Avoiding bad colorspace conversions/10bit codecs

Rain Mooder wrote on 6/27/2009, 9:49 AM
Hi all. I need to pass an intermediate between Vegas and After Effects at the highest quality available I'm trying to figure out a way to make it worth doing the switch from 8 bit processing to float 32 bit.

My problem with Vegas is that if I use a good intermediate like HuffyUV or Lararith, Vegas will almost always present the codec with 8bit RGB and not 8bit YUV. This means that the codec does a lossy 8bit RGB to 8bit YUV conversion when Vegas could of done a less lossy float 32 bit RGB to 8 bit YUV conversion.

For me, this poor conversion forced in the codec negates much of the value of editing in 32 bit float. If I want to edit DV, send to AE and bring it back for some more edits I'm going to get a lot of rounding error due to low-bit depth color conversions.

The Sony 10 but YUV codec will do the conversion correctly but for whatever other reasons the codec looks awful to me.

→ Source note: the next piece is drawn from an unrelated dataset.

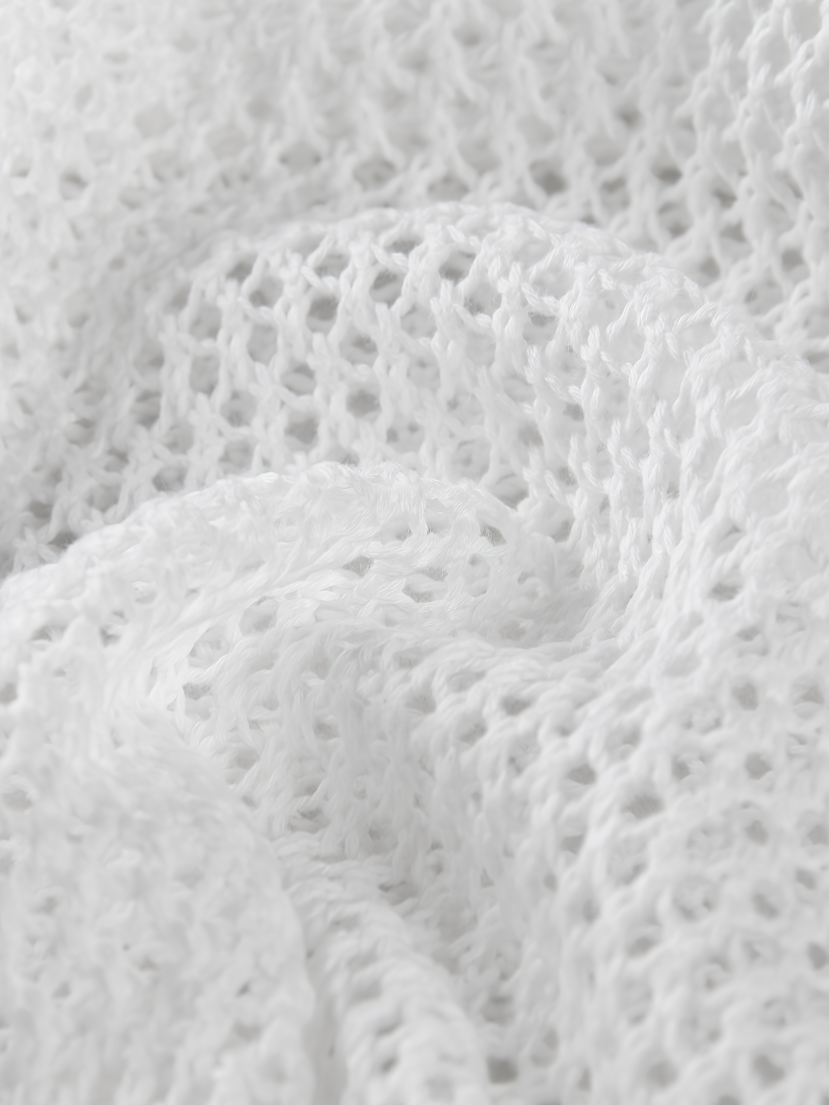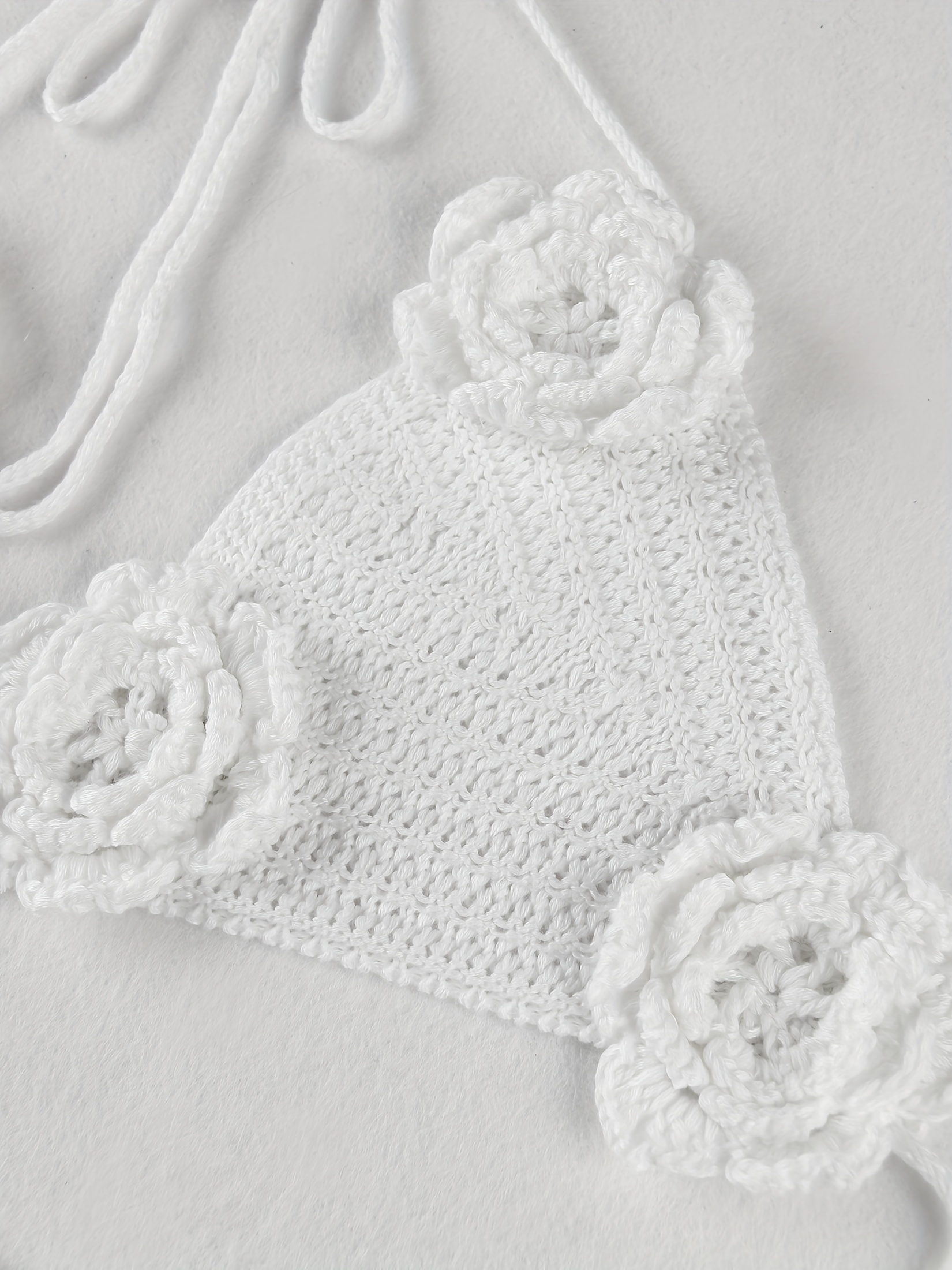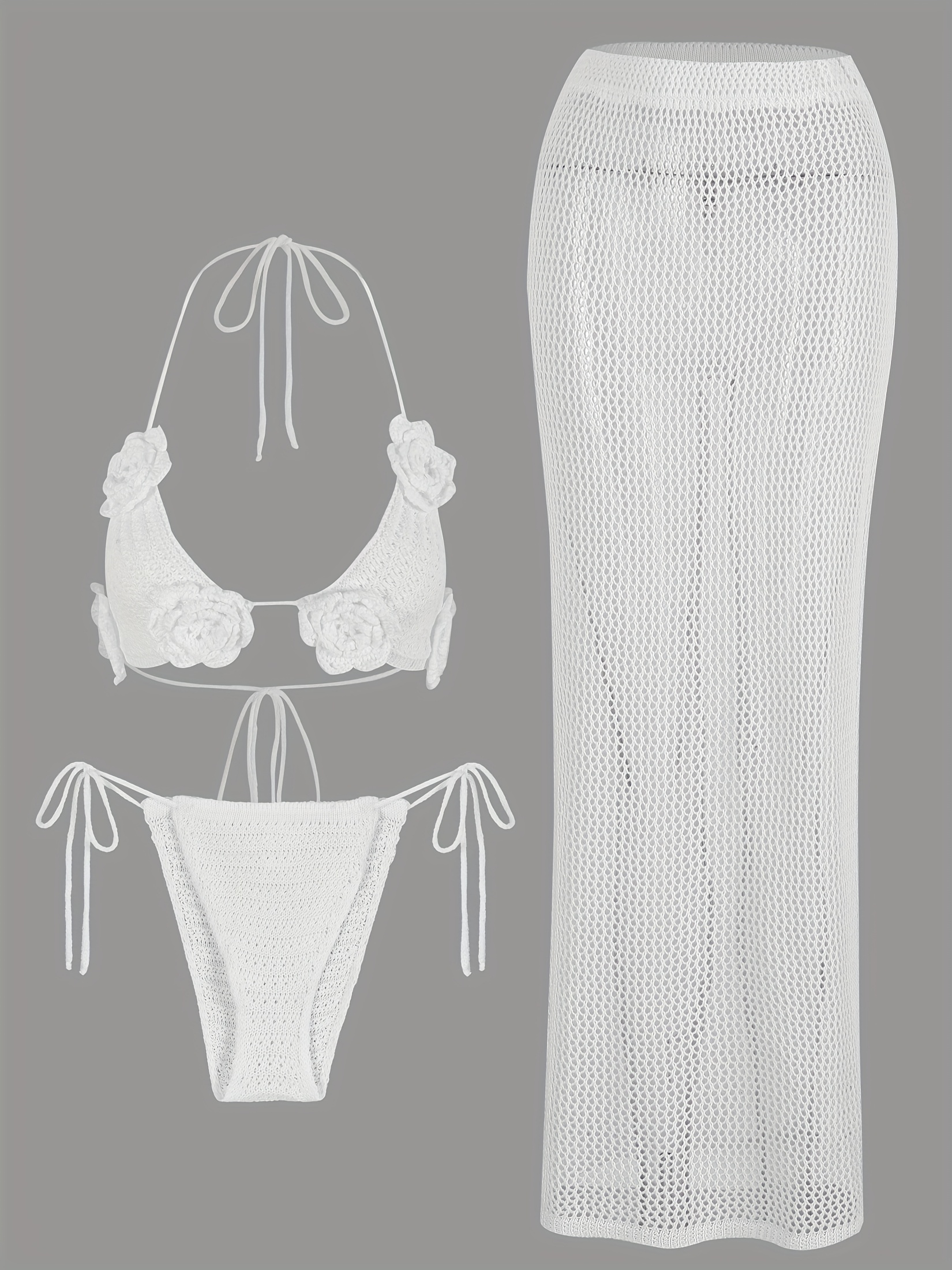 Set de bikini con top blanco de encaje artesanal, braga con lazos y falda larga transparente con abertura. Su diseño delicado y femenino es perfecto para sesiones de fotos, playa y vacaciones tropicales. El encaje aporta un toque romántico mientras que la falda añade elegancia y movimiento.

Are there any decent codecs (?Blackmagic?) that Vegas will present a full 10bit YUV or a 32bit float RGB to?

Comments

farss wrote on 6/27/2009, 7:13 PM
The Sony YUV codec seems almost identical to the BMD codec.
In what way does it look aweful and how are you handling Vegas in 32bit. This and other information on Glenn's site might hold the clue:

http://www.glennchan.info/articles/vegas/v8color/vegas-9-levels.htm

Bob.
GlennChan wrote on 6/28/2009, 6:22 PM
The 10-bit sonyYUV codec will have 10 bits of performance I believe, but perhaps not in After Effects.

The uncompressed codec, when in a 32-bit project, will have 32 bits of precision. *There may be a bug with it. The scopes may have possible errors converting from 32bit->8bit so that might be confusing if that is the case.
But again, I don't think After Effects will see 32-bit from an uncompressed file produced from Vegas.

2- Are you seeing problems? I wouldn't worry about rounding error unless working with computer generated material that has no noise.